The Piper J-3 Cub is an American light aircraft that was built between 1937 and 1947 by Piper Aircraft. The aircraft has a simple, lightweight design which gives it good low speed handling properties and short field performance. The Cub is one of the best known light aircraft of all time. The Cub's simplicity, affordability and popularity — as well as its large production numbers, with nearly 20,000 built in the United States — invokes comparisons to the Ford Model T automobile.
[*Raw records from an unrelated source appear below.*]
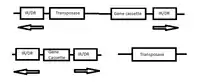 The most likely pathway of Tn 5 transposition is the common pathway for all transposon systems. It begins with Tnp binding the OE and IE sequences of each IS50 sequence. The two ends are brought together, and through oligomerization of DNA, the sequence is cut out of the chromosome. After introducing 9-base pair 5' ends in target DNA, the transposon and its incorporated genes are inserted into the target DNA, duplicating the regions on either end of the transposon.[6] Genes of interest can be genetically engineered into the transposon system between the IS50 sequences. By placing the transposon under the control of a host promoter, the genes will be expressed. Incorporated genes usually include, in addition to the gene of interest, a selectable marker to identify transformants, a eukaryotic promoter/terminator (if expressing in a eukaryote), and 3' UTR sequences to separate genes in a polycistronic stretch of sequence.
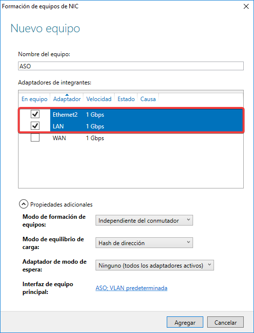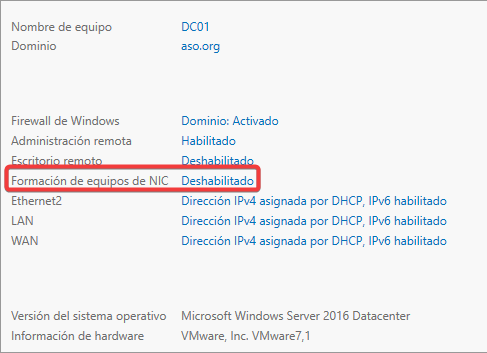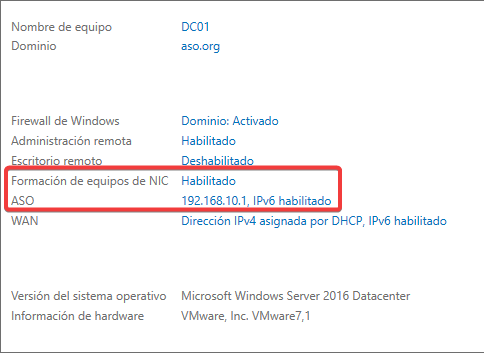 Observamos que ahora solo tenemos dos adaptadores y la Formación de equipos NIC está habilitada.
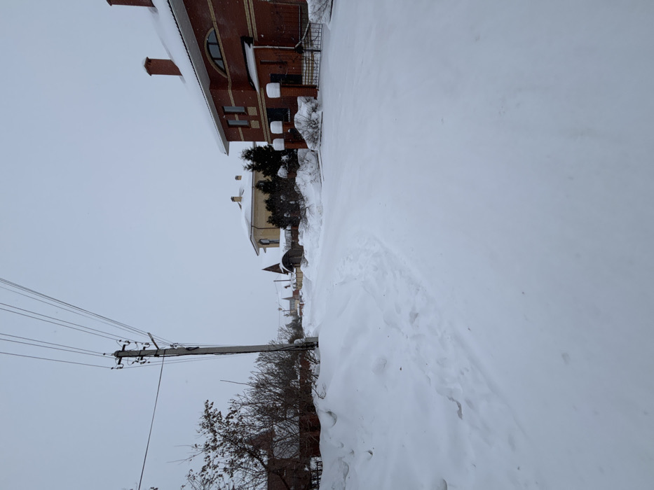 A snowy street scene depicts snow-covered ground with footprints leading towards a row of houses on the left. The houses are of various architectural styles, including a red brick building with a chimney. Power lines extend from a utility pole in the lower-left corner of the frame. The sky is overcast, suggesting a recent or ongoing snowfall. Trees with bare branches stand near the road, adding a stark contrast to the blanket of white.
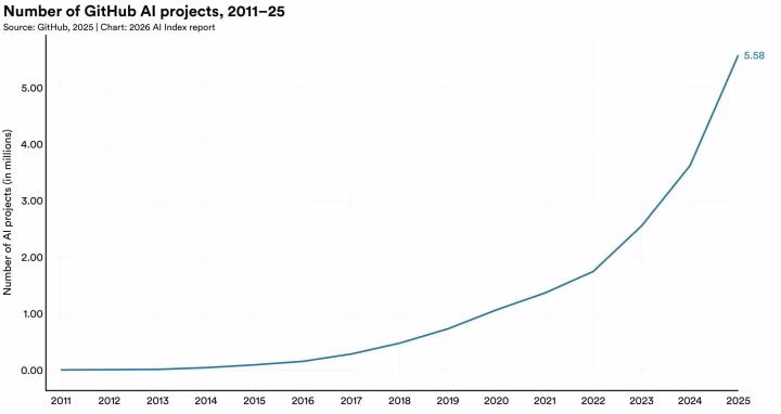 On GitHub, there at the moment are 5.58 million AI-related initiatives. It is a 23.7% bounce from final 12 months alone. And importantly, I observed the report emphasizes these aren’t simply low-quality, AI-generated spam repositories. Actual, human builders are deeply integrating AI instruments into their each day coding workflows.
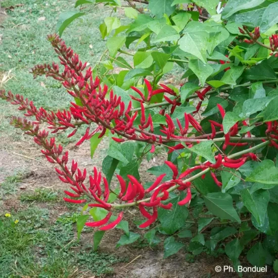 Arbuste à la floraison spectaculaire en très longues grappes rouges de juin à septembre. Feuillage caduc. Tiges épineuses. Hauteur : 3 m. Croissance rapide. Rustique jusqu'à -10°C. En isolé, massif ou potée (notamment en climat froid).

The Cub was originally intended as a trainer, and saw great popularity in this role and as a general aviation aircraft. Due to its performance, it was well suited a variety of military uses such as reconnaissance, liaison and ground control, and was produced in large numbers during the Second World War as the L-4 Grasshopper. Large numbers of Cubs are still flying today. Notably Cubs are highly prized as bush aircraft.

The Cub is a high-wing strut-braced monoplane with a large area rectangular wing. It is powered by an air-cooled piston engine driving a fixed pitch propeller. Its fuselage is a welded steel frame covered in fabric, seating two people in tandem.

The aircraft's standard chrome yellow paint has come to be known as "Cub Yellow" or "Lock Haven Yellow".

The Taylor E-2 Cub first appeared in 1930, built by Taylor Aircraft in Bradford, Pennsylvania. Sponsored by William T. Piper, a Bradford industrialist and investor, the affordable E-2 was meant to encourage greater interest in aviation. Later in 1930, the company went bankrupt, with Piper buying the assets but keeping founder C. Gilbert Taylor on as president. In 1936, an earlier Cub was altered by employee Walter Jamouneau to become the J-2 while Taylor was on sick leave. (The coincidence led some to believe that the "J" stood for Jamouneau, while aviation historian Peter Bowers concluded that the letter simply followed the E, F, G, and H models, with the I omitted because it could be mistaken for the numeral one.). When he saw the redesign, Taylor was so incensed that he fired Jamouneau. Piper, however, had encouraged Jamouneau's changes, and hired him back. Piper then bought Taylor's share in the company, paying him US$250 per month for three years.